Укатившая на Кубань и в Новороссийск буржуазия не возвращалась в Ростов. Обыватели, редко появлявшиеся на улице, имели глубоко растерянный и пришибленный вид. Рабочий люд почти совсем не встречался в центральной части города. Базары были закрыты. И даже мальчишки, торговавшие с рук рассыпными папиросами, исчезли с людных перекрестков. С наступлением сумерек в городе воцарялась угрожающая, жуткая тишина.

На углу Таганрогского проспекта Глаша увидела армянина- фотографа, снимавшего группу казаков в волчьих папахах и с волчьими пастями, нашитыми желтыми нитками на рукавах шинелей и полушубков.

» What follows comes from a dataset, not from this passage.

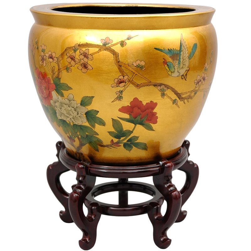 ![]() Oriental Furniture - Vases / Urns - POR14FBGPB - This elegant, eye catching Oriental fishbowl is handmade from porcelain, gilded with a truly exquisite 24 carat gold leaf, and finished with a fine quality high luster hard clear lacquer. Each vase is singular work of art, having been hand painted with a delicately rendered birds and flower art motif. Finish: Gold Birds and FlowersMaterial: PorcelainBeautiful imported Oriental fishbowlAuthentic 24 carat gold leaf applique with high luster lacquerExquisite hand painted Ming birds and flowers artPlace planter pot inside bowl (No hole in bottom)Specifications:Overall Product Dimensions: 10.75"" H x 14"" W x 14"" DProduct Weight: 14 lbs Price: 299.00 |

Все они, кто стоя, кто сидя на корточках, кто став на одно колено, целились из винтовок, карабинов, маузеров, наганов в перепуганного фотографа, суетившегося у своего аппарата, поставленного на треножник.

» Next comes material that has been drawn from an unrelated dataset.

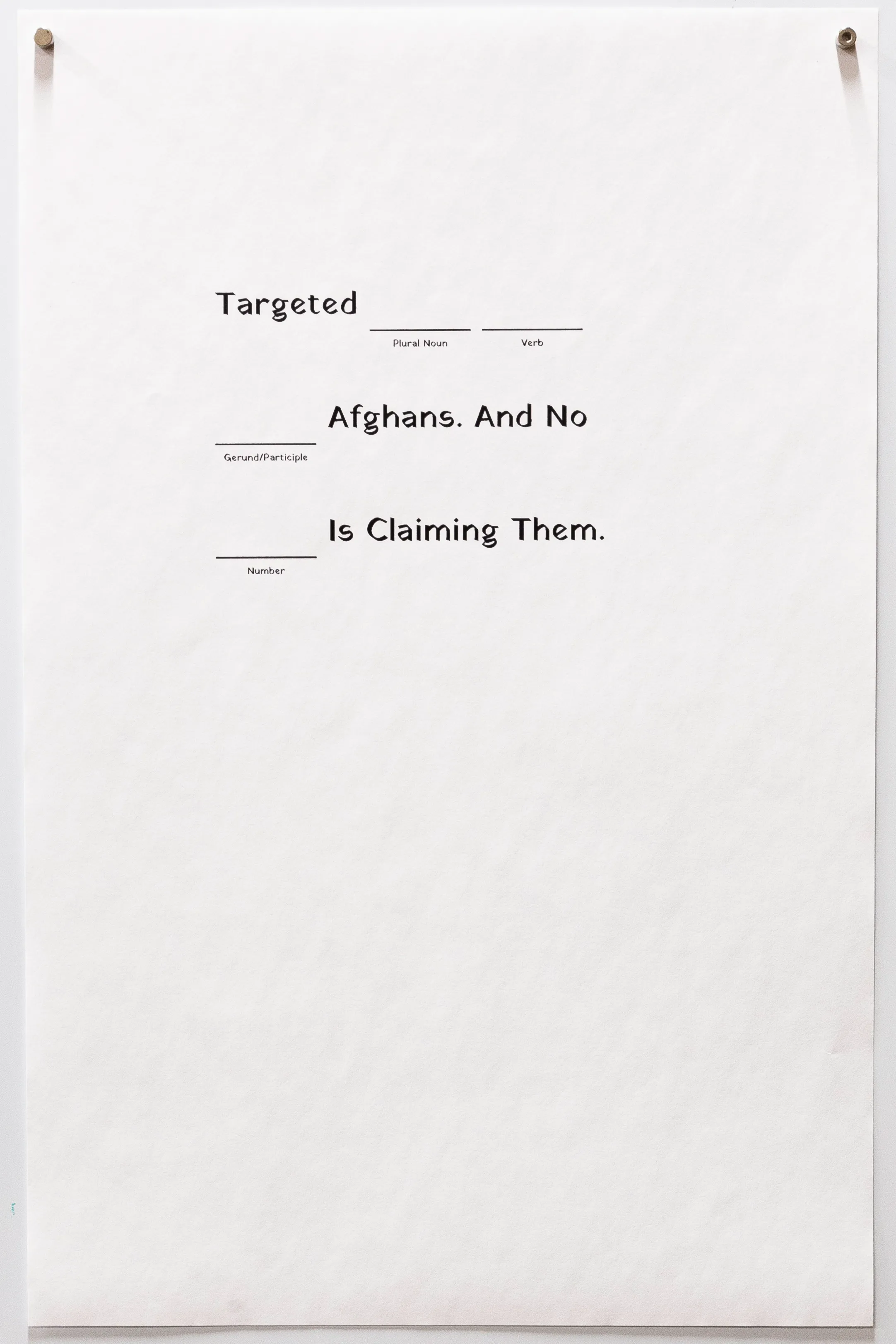 Materials: Bond Paper, Words, Custom Software, Patrons

Глаша, взглянув на скуластые, обветренные, коричневые физиономии бандитов Шкуро, сходство которым придавали черты тупости и дикого озверения, поняла: целая пропасть между Ивлевым, человеком гуманнейших устремлений, высоких проявлений человеческого духа, и ими, ринувшимися за наживой в разбой. Да, непроходимая пропасть между художником, который пошел за Корниловым как на высшее служение, который подчинил все строгим началам высокой морали, благородного аскетизма и, пожалуй, романтической самоотверженности, и этими отъявленными головорезами и катами, не признающими ничего, кроме грубой силы, законченными бандитами, бездумно помчавшимися за Шкуро ради безнаказанных грабежей, пьяного бесшабашного гульбища, беспощадной братоубийственной резни и волчьего мародерства.

Глава тридцать пятая

Окончилась демонстрация фильма, и почти тотчас же перед белым полотном экрана, ярко озаренным конусообразным светом, появилась фигура в костюме Пьеро.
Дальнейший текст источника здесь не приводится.